The US president had a syphilitic dream a while back. In this dream, Caligula’s horse and long-rumored consul came to him in the Oval Office. Donald was perturbed, not least of all because the intrusion was interrupting his Executive Sudoku Time.
He put down his pencil and looked up from all the 3s he had scribbled into the boxes at random. Incitatus began to speak, and Donald immediately averted his eyes, sensitive to the dangers of looking at a horse’s mouth when it is about to give you a gift.
“Donald!” the horse roared. “Listen to this!”
Donald was intrigued, conscious enough in his feverish state of slumber to know that his best ideas — other than those he got from Fox and Friends — came this way.
Incitatus trotted closer: “You are destined for greatness.”
Donald rolled his eyes. He didn’t need an ancient horse to tell him what he already knew. Plus, he was feeling a little triggered by the future sense of it. Destined for? More like, been there done that.
This dream was so far not so good. Sad!
Incitatus pretended to ignore Donald’s dismissiveness. He went on:
“Dollar domination has got the world by the pussy. Your maxim of maximum pressure is freaking genius and obviously brilliantly executed. Billionaires are so deluged in the sociopathic jizum of their orbital wet dreams that they are as clueless about the sane functioning of economic mechanisms as is the general population, thanks to decades of eroding public education and general welfare. Both will celebrate whatever half-baked dependent clause comes out of that Mad Libs mouth of yours.”
At this point, Donald drafted a Truth Social DM: Susie - make EO change Mad Libs to Crybaby Libs. AP must use or they’re out. For good this time!
Incitatus resumed:
“The liberal world order has primed itself for its own destruction. At home, government has always been the problem. Abroad, the barbarian sack was the plot that launched a thousand Tomahawks. Your predecessors have already done such a good job cueing up the final act. Sanctions, bailouts, backstops — tremendous stuff. The bar is so low your only danger is tripping over it.”

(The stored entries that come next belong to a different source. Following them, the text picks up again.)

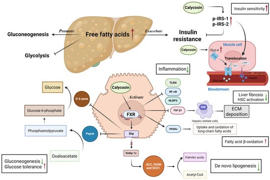 To attenuate the development of NAFLD, calycosin acts as an FXR agonist to regulate the metabolism of lipids and glucoses and improves glucose tolerance and insulin resistance. FXR is a member of the nuclear receptor family, and is important for lipid metabolism and glucose homeostasis []. In the high fat diet-induced NAFLD model of C57BL/6J male mice, a daily oral gavage of 50 mg/kg calycosin robustly activates the FXR. Ligand-bound FXR transcriptionally up-regulates the small heterodimer partner (Shp), which, in turn, suppresses the expression of the lipogenic master regulator Sterol-regulatory element binding protein 1c (Srebp-1c) and the gluconeogenic enzymes Phosphoenolpyruvate carboxykinase (Pepck) and Glucose-6-phosphatase (G-6-pase). Consequently, de novo lipogenesis and hepatic gluconeogenesis are inhibited. Concomitantly, calycosin elevates the insulin-sensitizing proteins Glucose transporter 4 (Glut-4) and Glycogen synthase kinase 3 beta (Gsk3β), enhancing peripheral glucose uptake and glycogen synthesis, thereby ameliorating both glucose tolerance and insulin resistance []. Through FXR activation, calycosin also inhibits the synthesis of glyceride and increases fatty acid β-oxidation to attenuate lipid accumulation, and reduces the production of collagen I to mitigate liver fibrosis in a NASH mouse model, showing a dose-dependent relationship of 12.5, 25, and 50 mg/kg []. Meanwhile, calycosin can increase estrogen receptor β (ERβ) expression, and then activate the subsequent Janus kinase 2 (JAK2)-STAT3 to inhibit hepatic stellate cells’ activation and collagen deposition against carbon tetrachloride-induced liver fibrosis [,,,]. Bioinformatic and biochemical findings show that ALDH2, Niemann pick C1 (NPC1), and high mobility group protein 1 (HMGB1), which are responsible for lipid degradation and lipid homeostasis, may represent new therapeutic targets of calycosin in treatments against hepatic steatosis []. The early management of dietary changes and medical treatment, such as the use of calycosin, can reverse pathological changes in the liver in time rather than letting it develop into severe cirrhosis [].
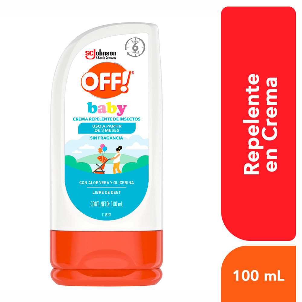 | Descripción técnica | OFF! Baby repelente crema, HASTA 6 horas de protección contra la picadura de mosquito que puede transmitir Dengue, Zika y Chikungunya |
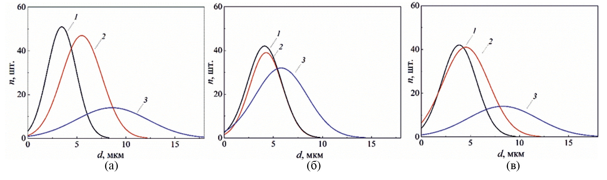 Рис. 5. Нормальное распределение диаметра пор покрытий, полученных при плотностях тока 20 (а), 30 (б) и 40 (в) А/дм²: Длительность электролиза, с: 1 - 300; 2 - 450; 3 - 600.
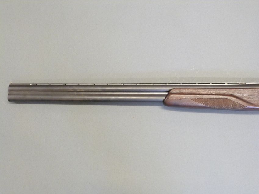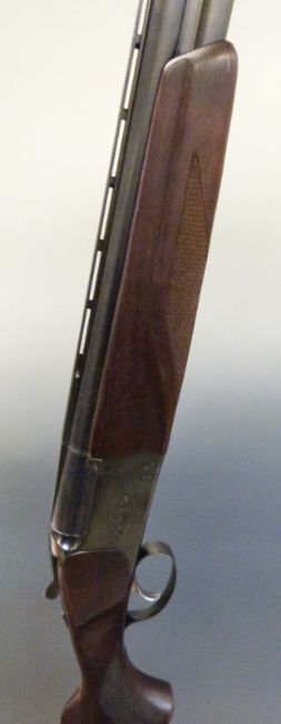 Baikal 27E-IC 12 bore over and under ejector shotgun with chequered grip and forend, engraved lock, raised and vented top rib, ball sight, single trigger and 27.5" barrels, overall length 114cm, length of pull 37cm, serial number E04865. PLEASE NOTE THAT A VALID RELEVANT FIREARMS/SHOTGUN CERTIFICATE IS REQUIRED TO HANDLE/PURCHASE THIS ITEM.
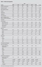 During the 6-year study period, there were 6045 admissions, with significant demographic changes in our population over the years (Table 1). Of note was the decline in admissions of substance abusers, illicit substance abusers, and patients who gave injection drug use as their HIV risk factor. Associated with the above was a decrease in admissions of patients coinfected with hepatitis C or B virus as well as homeless patients.

Donald didn’t really know where all this was going and, frankly, he was getting a little bored. Atlantic City had better entertainment.
Sensing this, Caligula’s horse picked up the pace:
“Rome wasn’t built in a day. It didn’t fall in one, either. But I bet you can top that. You can make the empire great again, sure, but that doesn’t make you more special than all the other guys who came before you with the aim of making the empire great. If you really want to set yourself apart, you — and only you — can be the one to end it. Once you have dominated everything what else is there but to subjugate yourself?”
With that, Incitatus took a dump on the Resolute Desk and disappeared. Donald woke up, the fleeting residue of manure lingering in his nostrils, still hearing the last thing the horse said as it vanished into the orange space between his ears:
“Heroes get remembered, but legends never die. You can do it, Donald.”